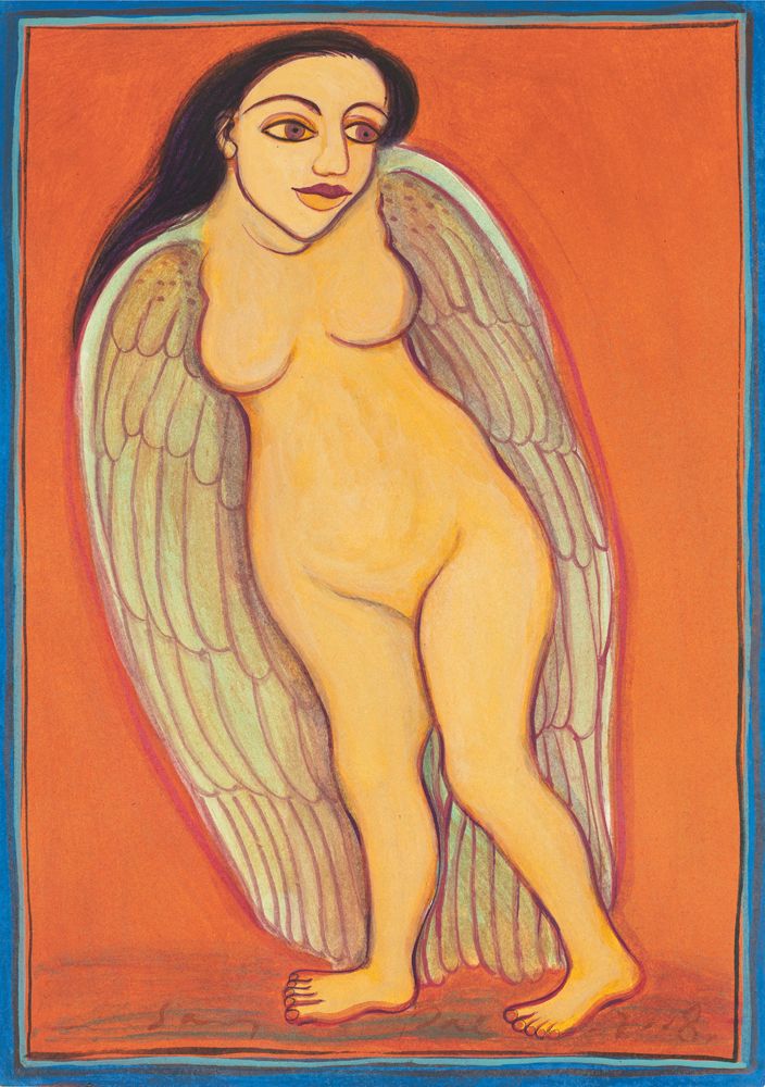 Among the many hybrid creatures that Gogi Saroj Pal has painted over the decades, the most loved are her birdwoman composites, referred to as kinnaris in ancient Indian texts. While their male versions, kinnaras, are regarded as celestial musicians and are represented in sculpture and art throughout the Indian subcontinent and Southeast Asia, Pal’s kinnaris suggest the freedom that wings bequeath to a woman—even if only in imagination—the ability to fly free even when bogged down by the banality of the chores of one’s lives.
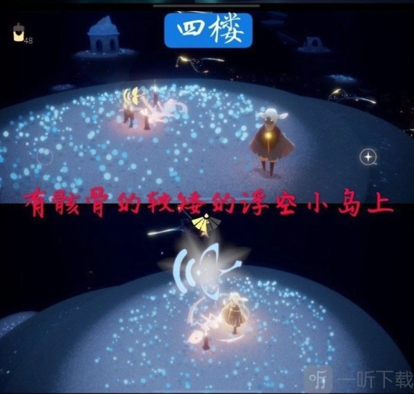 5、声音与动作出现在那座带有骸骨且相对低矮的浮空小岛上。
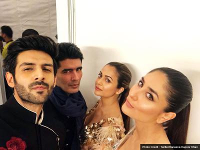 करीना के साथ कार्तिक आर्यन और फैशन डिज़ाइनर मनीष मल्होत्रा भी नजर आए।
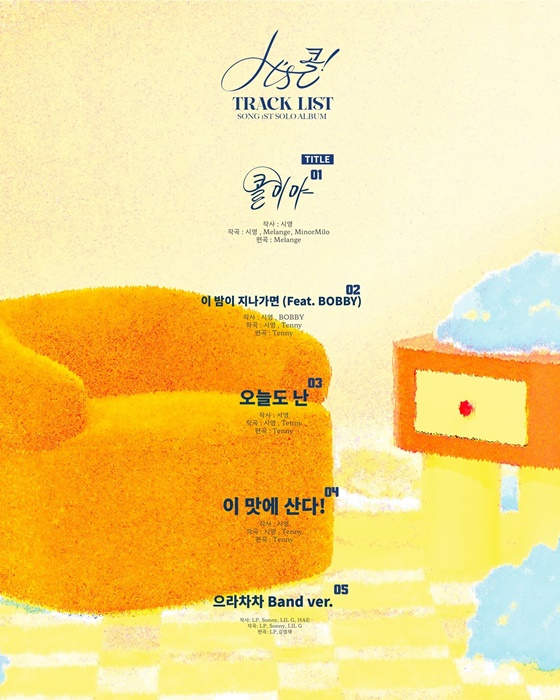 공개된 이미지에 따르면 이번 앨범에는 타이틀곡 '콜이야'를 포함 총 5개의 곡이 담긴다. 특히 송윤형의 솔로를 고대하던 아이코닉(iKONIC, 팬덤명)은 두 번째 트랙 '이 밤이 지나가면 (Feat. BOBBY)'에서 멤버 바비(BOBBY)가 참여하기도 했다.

▸ WHAT TO DO
Using the material above, set down every line exactly, but skip the pictures.

▸ ANSWER BOX
 Among the many hybrid creatures that Gogi Saroj Pal has painted over the decades, the most loved are her birdwoman composites, referred to as kinnaris in ancient Indian texts. While their male versions, kinnaras, are regarded as celestial musicians and are represented in sculpture and art throughout the Indian subcontinent and Southeast Asia, Pal’s kinnaris suggest the freedom that wings bequeath to a woman—even if only in imagination—the ability to fly free even when bogged down by the banality of the chores of one’s lives.
 5、声音与动作出现在那座带有骸骨且相对低矮的浮空小岛上。
 करीना के साथ कार्तिक आर्यन और फैशन डिज़ाइनर मनीष मल्होत्रा भी नजर आए।
 공개된 이미지에 따르면 이번 앨범에는 타이틀곡 '콜이야'를 포함 총 5개의 곡이 담긴다. 특히 송윤형의 솔로를 고대하던 아이코닉(iKONIC, 팬덤명)은 두 번째 트랙 '이 밤이 지나가면 (Feat. BOBBY)'에서 멤버 바비(BOBBY)가 참여하기도 했다.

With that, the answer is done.